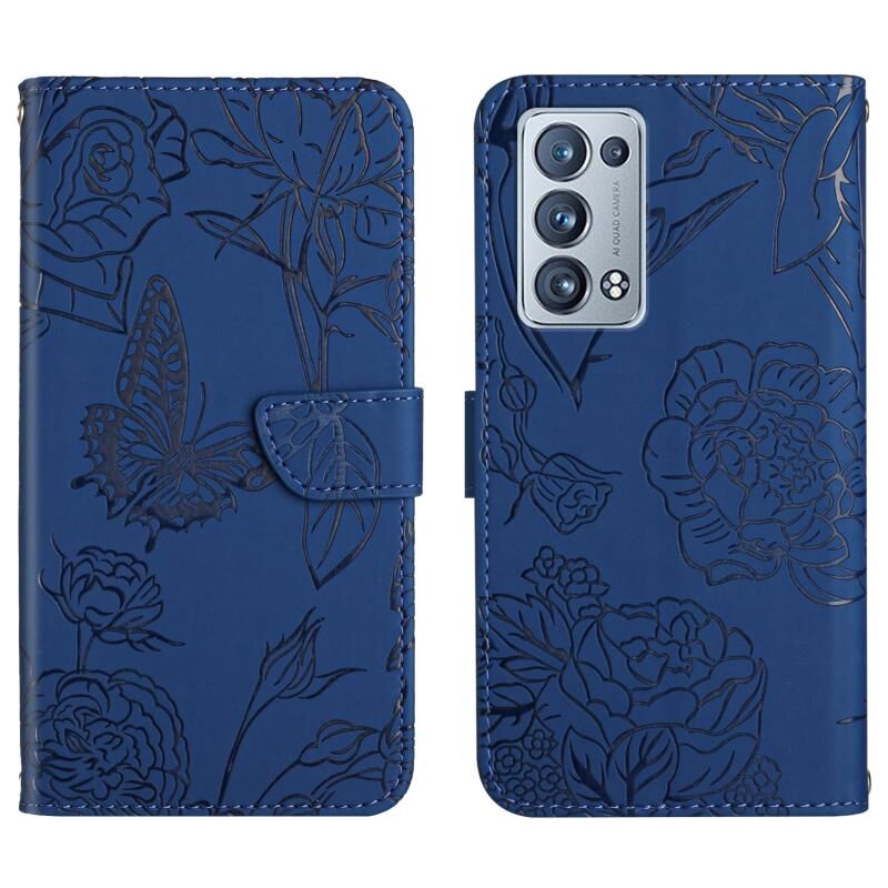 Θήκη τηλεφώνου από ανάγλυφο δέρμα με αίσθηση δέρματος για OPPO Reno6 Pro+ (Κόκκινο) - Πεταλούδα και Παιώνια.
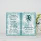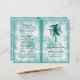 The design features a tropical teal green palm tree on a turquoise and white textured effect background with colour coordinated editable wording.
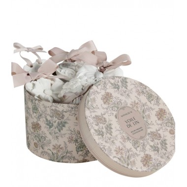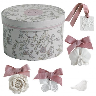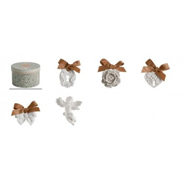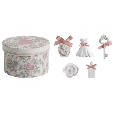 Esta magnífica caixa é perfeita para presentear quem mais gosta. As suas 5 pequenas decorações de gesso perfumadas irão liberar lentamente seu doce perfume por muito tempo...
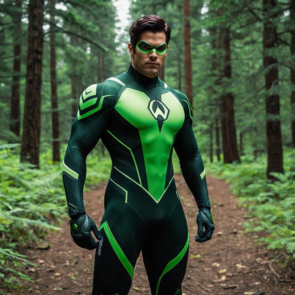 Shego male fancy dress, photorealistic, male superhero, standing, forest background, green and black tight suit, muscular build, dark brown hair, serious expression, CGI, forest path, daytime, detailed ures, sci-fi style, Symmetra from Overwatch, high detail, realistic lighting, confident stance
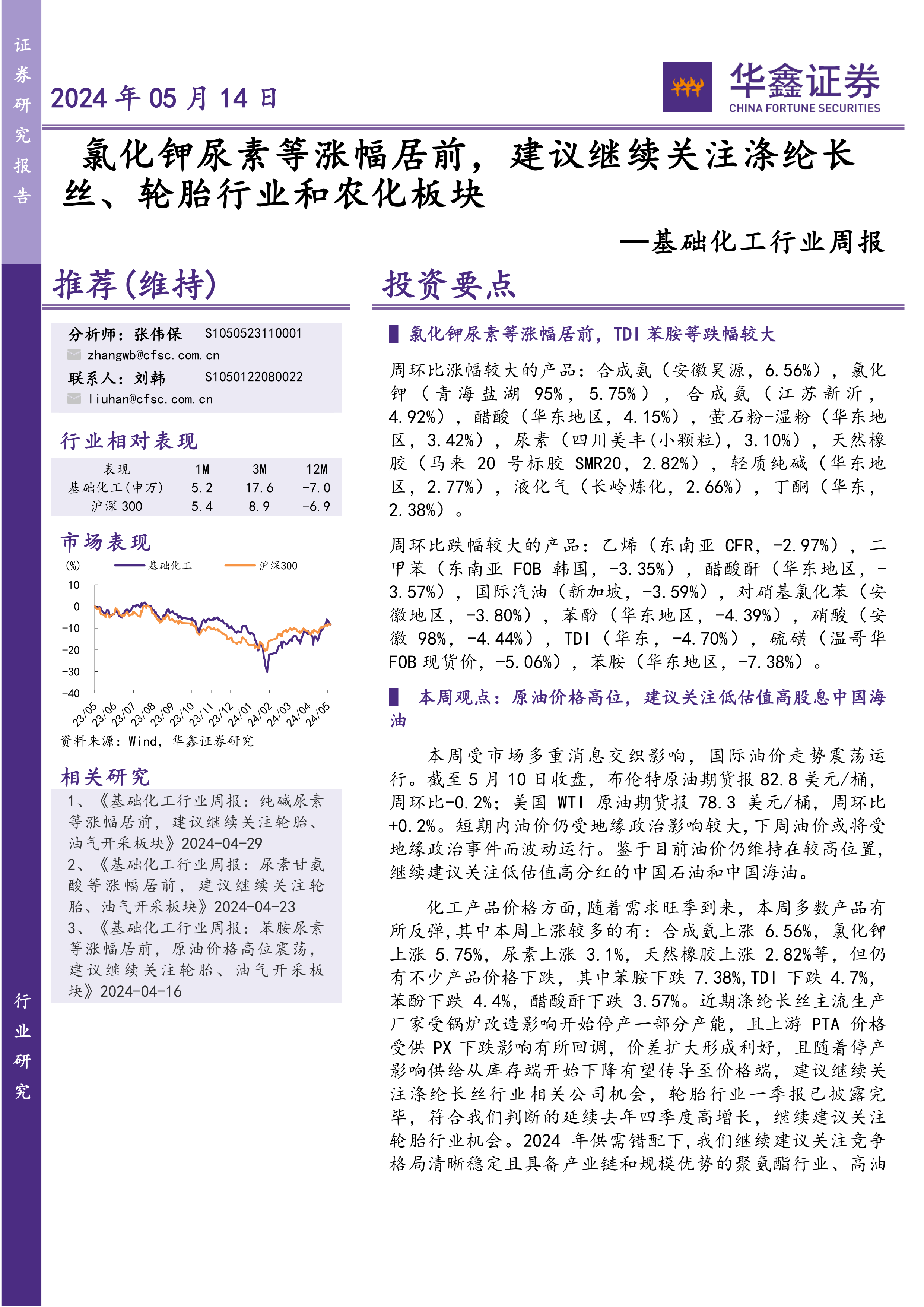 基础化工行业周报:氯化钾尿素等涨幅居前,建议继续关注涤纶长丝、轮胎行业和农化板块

> _YOUR TASK_: Write the lines from the line containing "The design features" through the last line of the data out again exactly, and only those lines; pictures stay out.

> _REPLY TO THE TASK_:
 The design features a tropical teal green palm tree on a turquoise and white textured effect background with colour coordinated editable wording.
 Esta magnífica caixa é perfeita para presentear quem mais gosta. As suas 5 pequenas decorações de gesso perfumadas irão liberar lentamente seu doce perfume por muito tempo...
 Shego male fancy dress, photorealistic, male superhero, standing, forest background, green and black tight suit, muscular build, dark brown hair, serious expression, CGI, forest path, daytime, detailed ures, sci-fi style, Symmetra from Overwatch, high detail, realistic lighting, confident stance
 基础化工行业周报:氯化钾尿素等涨幅居前,建议继续关注涤纶长丝、轮胎行业和农化板块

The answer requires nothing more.